(Saved entries)
=== Section Start ===

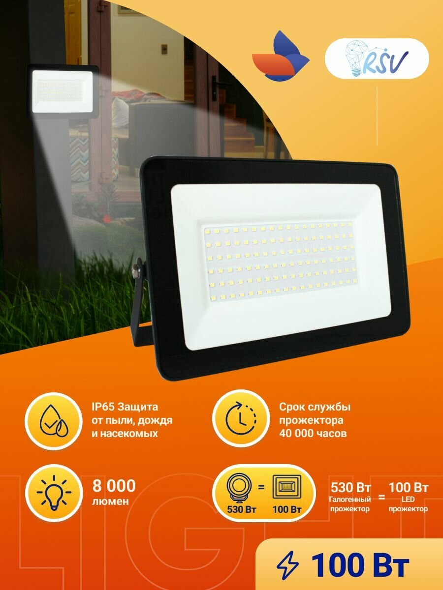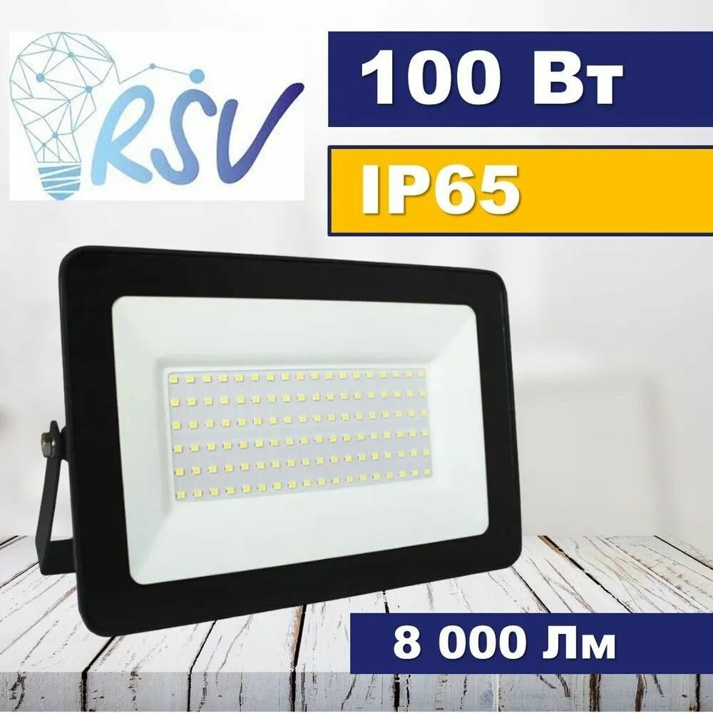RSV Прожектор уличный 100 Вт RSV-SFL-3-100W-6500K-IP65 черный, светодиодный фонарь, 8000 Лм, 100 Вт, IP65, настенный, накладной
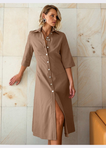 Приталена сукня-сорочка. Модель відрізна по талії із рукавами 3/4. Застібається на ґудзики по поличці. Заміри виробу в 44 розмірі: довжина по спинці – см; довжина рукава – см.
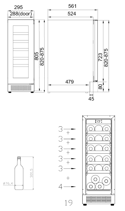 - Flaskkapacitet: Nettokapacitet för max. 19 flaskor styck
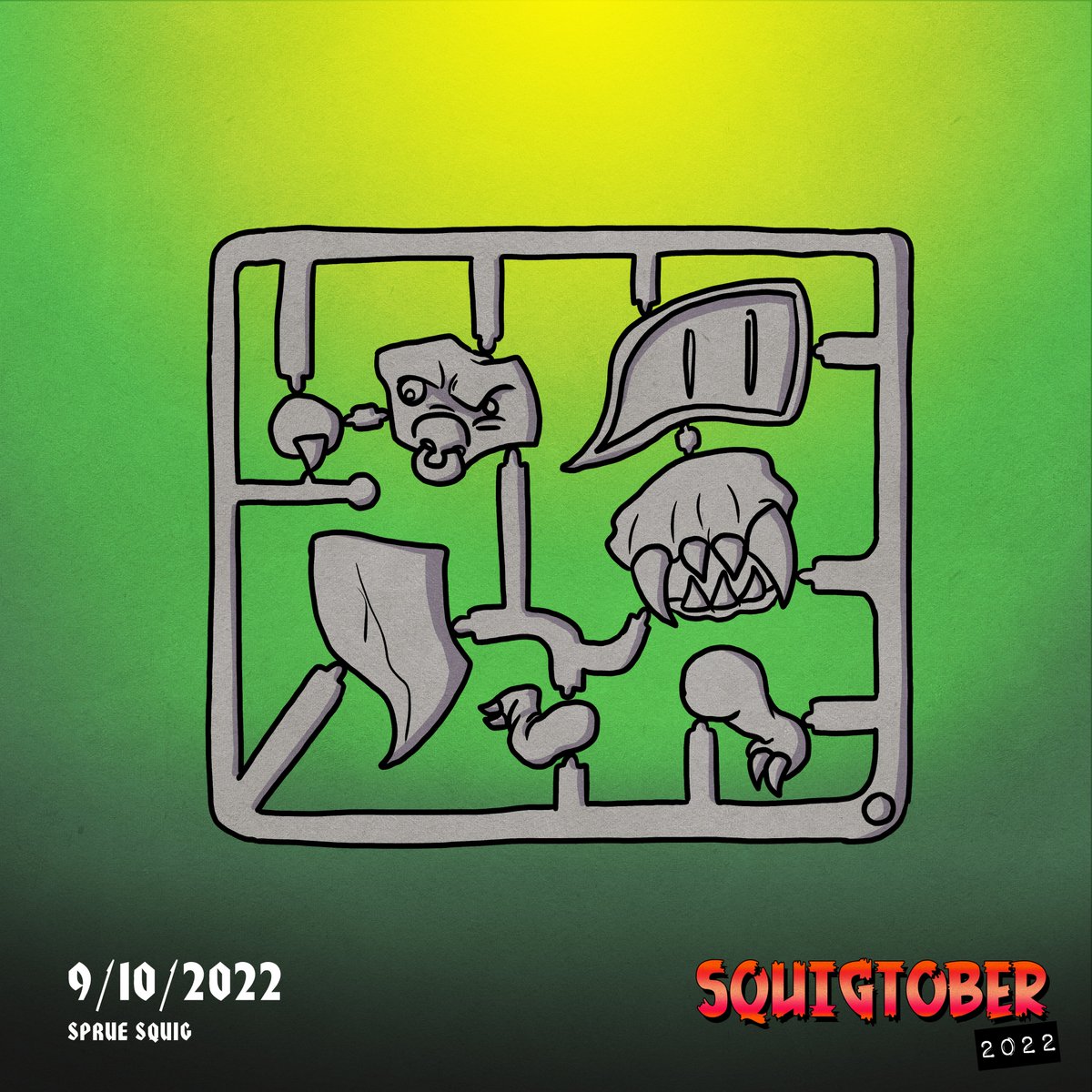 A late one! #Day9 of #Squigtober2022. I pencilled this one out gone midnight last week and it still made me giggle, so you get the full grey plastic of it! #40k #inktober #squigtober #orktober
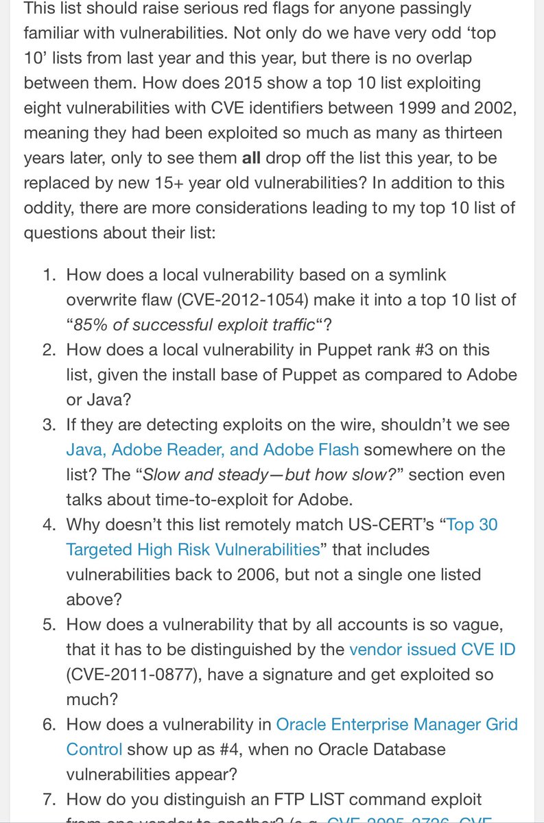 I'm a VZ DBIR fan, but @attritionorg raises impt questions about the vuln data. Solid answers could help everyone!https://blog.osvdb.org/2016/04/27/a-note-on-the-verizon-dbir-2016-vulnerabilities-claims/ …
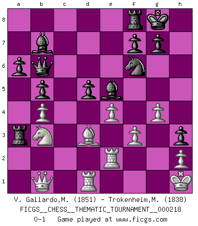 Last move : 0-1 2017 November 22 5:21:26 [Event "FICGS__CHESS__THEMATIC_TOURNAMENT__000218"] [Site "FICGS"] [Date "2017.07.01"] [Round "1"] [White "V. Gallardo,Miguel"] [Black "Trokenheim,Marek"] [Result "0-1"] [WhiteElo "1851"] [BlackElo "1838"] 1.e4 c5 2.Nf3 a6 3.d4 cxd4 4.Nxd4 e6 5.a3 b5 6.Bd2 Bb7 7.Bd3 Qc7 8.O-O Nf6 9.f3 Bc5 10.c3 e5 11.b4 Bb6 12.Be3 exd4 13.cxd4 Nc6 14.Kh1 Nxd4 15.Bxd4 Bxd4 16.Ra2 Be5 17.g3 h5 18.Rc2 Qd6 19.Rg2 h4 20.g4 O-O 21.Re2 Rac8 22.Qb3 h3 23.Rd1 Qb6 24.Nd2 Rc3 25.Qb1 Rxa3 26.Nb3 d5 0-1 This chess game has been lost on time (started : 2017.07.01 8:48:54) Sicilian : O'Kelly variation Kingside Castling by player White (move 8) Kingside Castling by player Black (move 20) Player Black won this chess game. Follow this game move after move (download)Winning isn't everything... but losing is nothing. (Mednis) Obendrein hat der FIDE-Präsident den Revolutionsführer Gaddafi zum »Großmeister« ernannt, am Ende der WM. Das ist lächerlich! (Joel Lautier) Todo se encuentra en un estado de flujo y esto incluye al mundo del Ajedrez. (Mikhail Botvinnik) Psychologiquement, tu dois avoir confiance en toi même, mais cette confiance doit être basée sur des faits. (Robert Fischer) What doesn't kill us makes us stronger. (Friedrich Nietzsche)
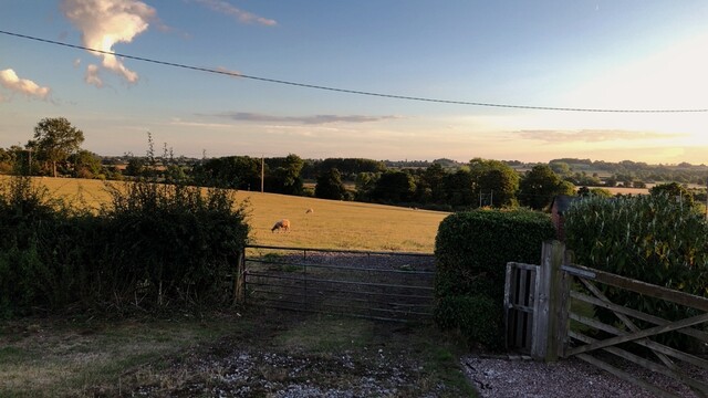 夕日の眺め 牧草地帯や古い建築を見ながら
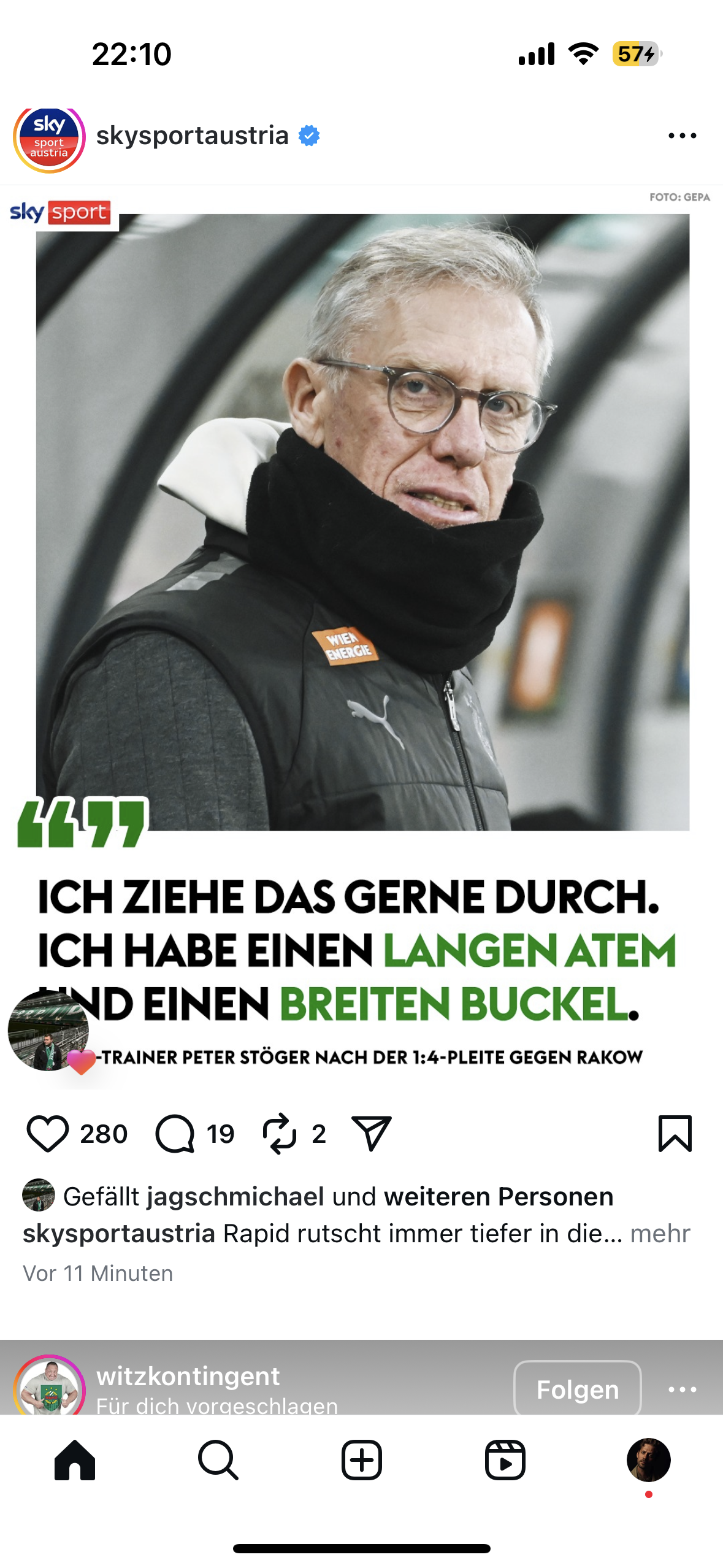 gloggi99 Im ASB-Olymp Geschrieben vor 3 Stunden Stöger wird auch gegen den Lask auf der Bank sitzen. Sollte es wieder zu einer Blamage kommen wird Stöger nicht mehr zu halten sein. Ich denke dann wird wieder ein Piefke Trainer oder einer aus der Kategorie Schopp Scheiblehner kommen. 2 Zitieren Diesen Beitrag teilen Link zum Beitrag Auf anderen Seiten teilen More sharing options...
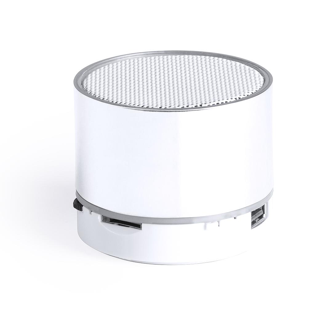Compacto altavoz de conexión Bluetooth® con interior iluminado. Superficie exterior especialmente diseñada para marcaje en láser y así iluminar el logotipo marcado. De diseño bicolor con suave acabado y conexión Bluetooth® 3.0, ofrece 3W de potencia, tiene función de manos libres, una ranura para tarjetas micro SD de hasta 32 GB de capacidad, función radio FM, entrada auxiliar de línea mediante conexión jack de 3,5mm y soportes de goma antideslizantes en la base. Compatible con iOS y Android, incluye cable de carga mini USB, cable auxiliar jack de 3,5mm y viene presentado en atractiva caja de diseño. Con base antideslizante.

=== Section End ===

- **Work instruction**:
Would you copy the lines above exactly, starting with the one that has "Приталена сукня-сорочка. Модель" and ending with the one that has "A late one!", both included, without the pictures?

- **Written answer**:
 Приталена сукня-сорочка. Модель відрізна по талії із рукавами 3/4. Застібається на ґудзики по поличці. Заміри виробу в 44 розмірі: довжина по спинці – см; довжина рукава – см.
 - Flaskkapacitet: Nettokapacitet för max. 19 flaskor styck
 A late one! #Day9 of #Squigtober2022. I pencilled this one out gone midnight last week and it still made me giggle, so you get the full grey plastic of it! #40k #inktober #squigtober #orktober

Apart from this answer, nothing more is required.